_PROBLEM STATEMENT_. Your answer should give again, exactly, the lines from the beginning of the entries below through the line containing "對面有對小兄弟看見我們在門口那嚜熱鬧的 也帶著他們的小白兔兔還我們一起聊天". It must contain no pictures.

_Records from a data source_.
-*-*-

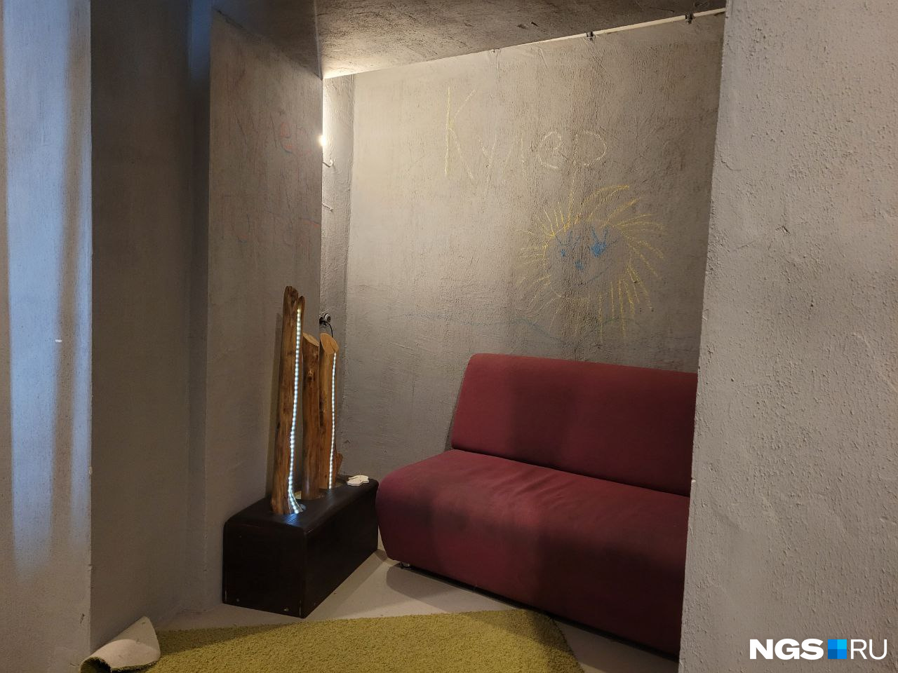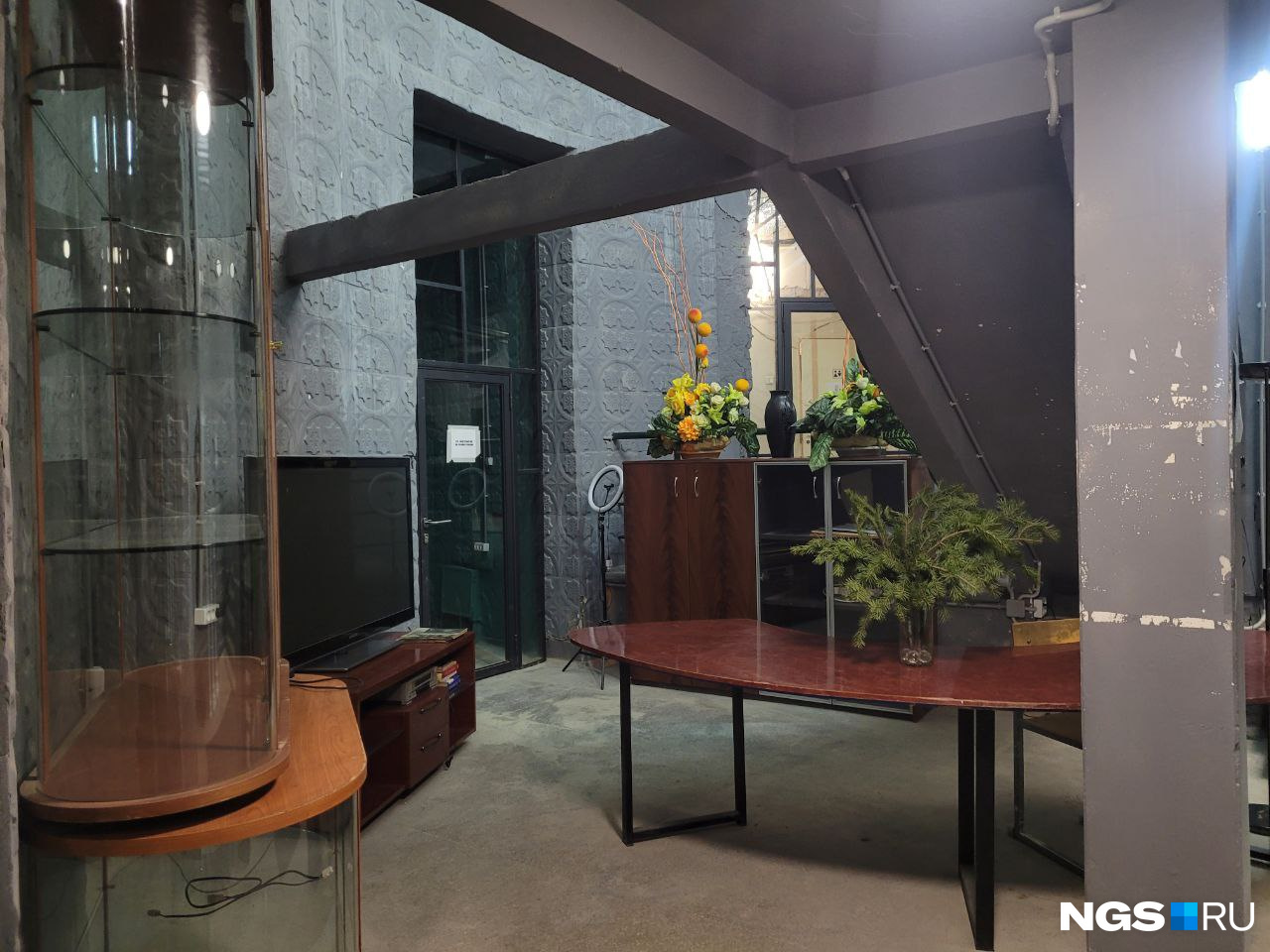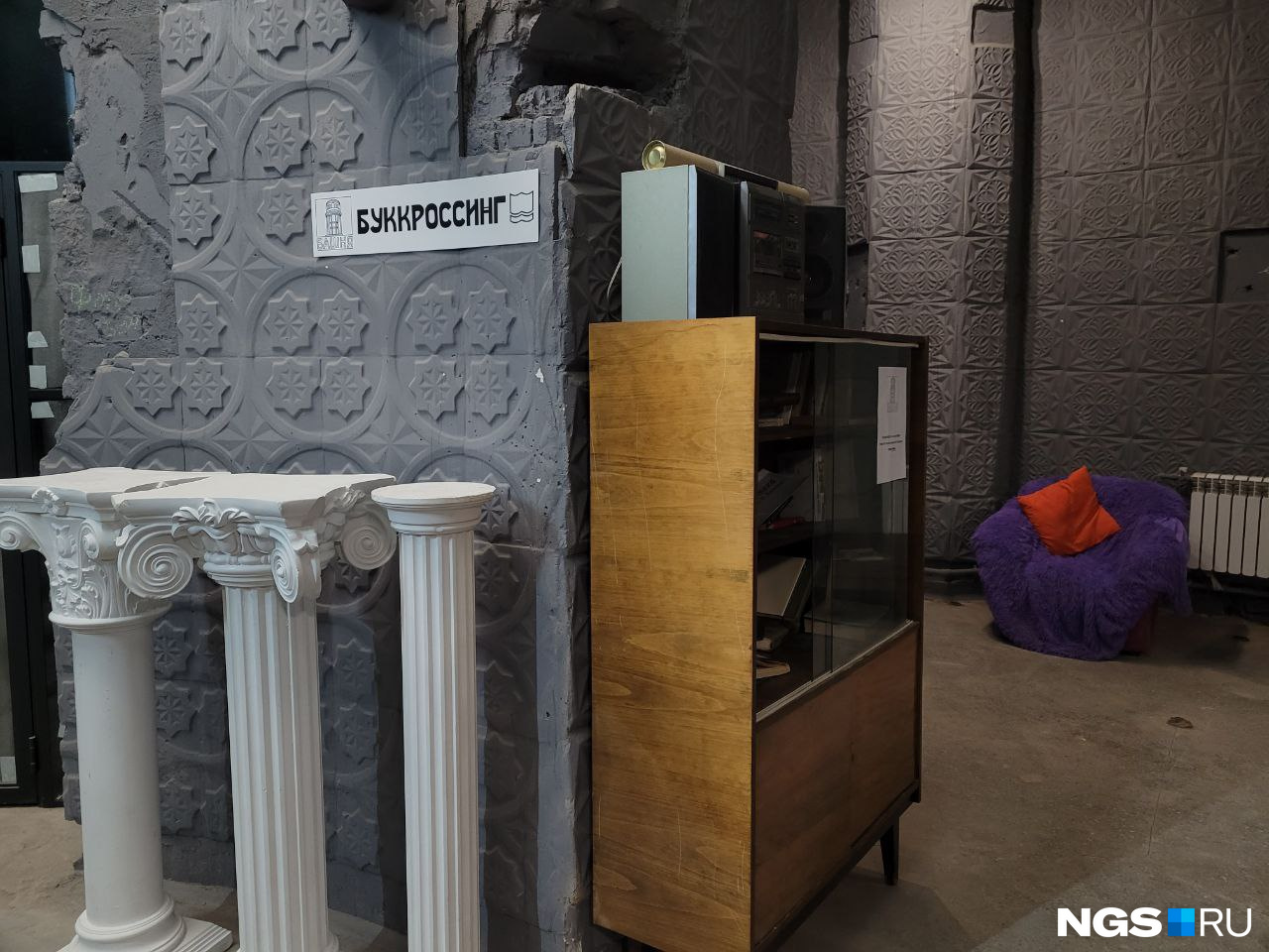 Здание водонапорной Башни еще не выглядит полностью обжитым. На первом этаже поставлены полки для буккроссинга, оформлена входная зона со столами в стиле СССР. В углу стоят лестницы, по которым можно понять, что ремонт все еще продолжается. Под потолком висит огромная шикарная люстра — ее купил один из нынешних владельцев Башни.
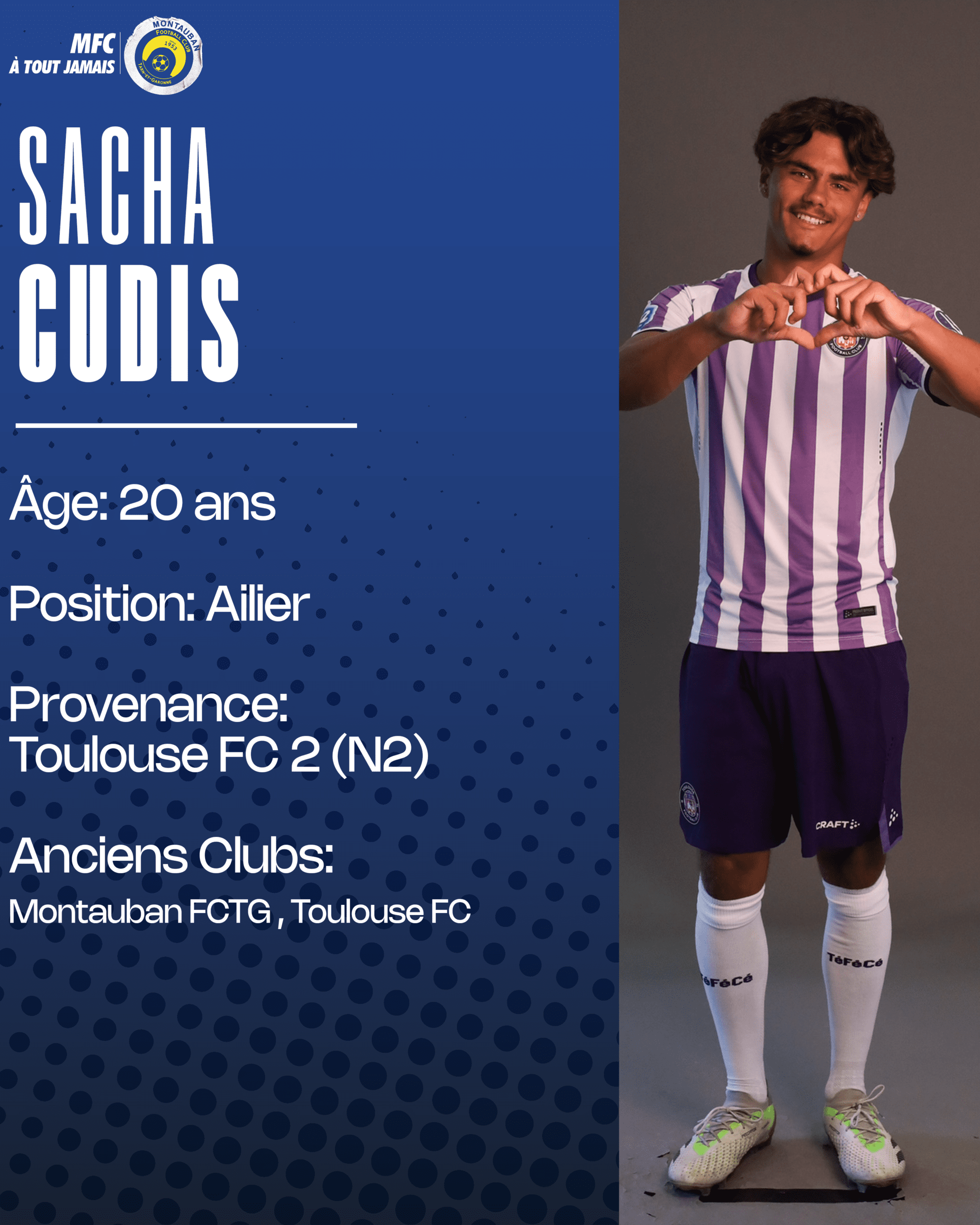 C’est un ancien de la maison qui fait son retour au MFCTG ! Formé au MFCTG, l’ailier avait rejoint le centre de formation du Toulouse FC à 15 ans et est passé par les catégories jeunes des Violets en U19 National notamment. Il débarque en provenance du Toulouse FC où il évoluait la saison dernière au sein du groupe de National 2.
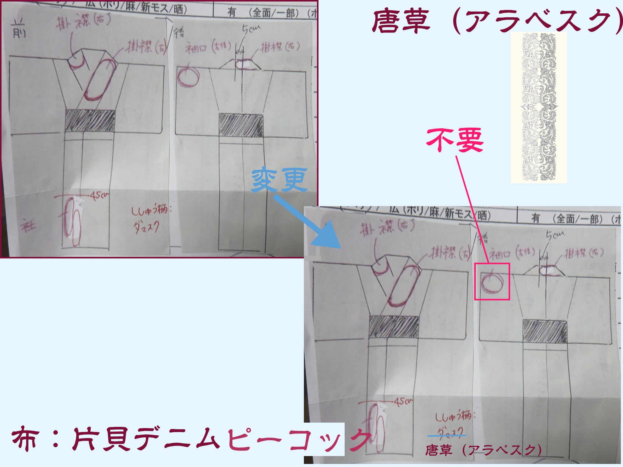 モダン着物小物梅屋さんのお着物に刺繍をお入れします。
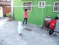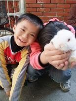 對面有對小兄弟看見我們在門口那嚜熱鬧的 也帶著他們的小白兔兔還我們一起聊天
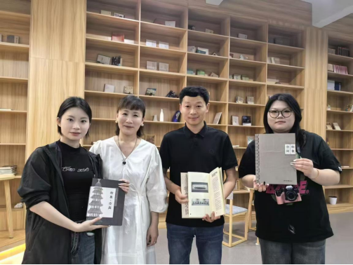 此次分享的手工圖書中有三本為譚丹武老師的藝術設計作品集制作的圖書,呈現了三種不同的表現,還有為劉書樵女士的《九江味道》及詩配畫作品《一邊是生活,一邊是愛情》設計的書籍。兩位作者對同學們的設計大為贊賞,興奮地和設計者合影留念,并計劃出版圖書。
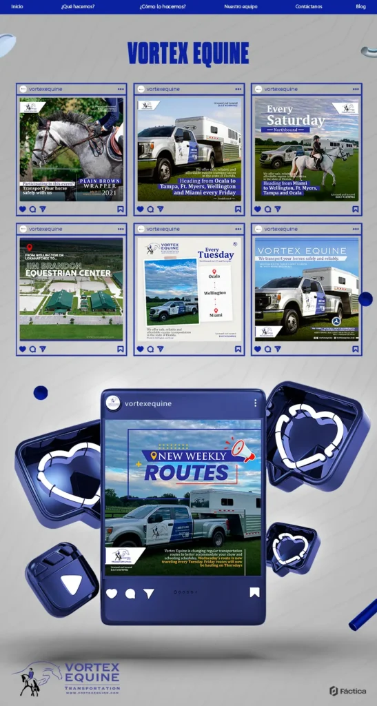 Junto a @vortexequine pretendemos darlos a conocer y consolidar su posicionamiento en el ámbito del transporte equino en Florida, Estados Unidos🐴. Primero, realizamos una investigación 💻 sobre el público objetivo, lo categorizamos según sus necesidades y mejoramos su contenido utilizando diversas herramientas proporcionadas por las plataformas de redes sociales.

-*-*-

_OUTPUT FOR THIS EXERCISE_.
 Здание водонапорной Башни еще не выглядит полностью обжитым. На первом этаже поставлены полки для буккроссинга, оформлена входная зона со столами в стиле СССР. В углу стоят лестницы, по которым можно понять, что ремонт все еще продолжается. Под потолком висит огромная шикарная люстра — ее купил один из нынешних владельцев Башни.
 C’est un ancien de la maison qui fait son retour au MFCTG ! Formé au MFCTG, l’ailier avait rejoint le centre de formation du Toulouse FC à 15 ans et est passé par les catégories jeunes des Violets en U19 National notamment. Il débarque en provenance du Toulouse FC où il évoluait la saison dernière au sein du groupe de National 2.
 モダン着物小物梅屋さんのお着物に刺繍をお入れします。
 對面有對小兄弟看見我們在門口那嚜熱鬧的 也帶著他們的小白兔兔還我們一起聊天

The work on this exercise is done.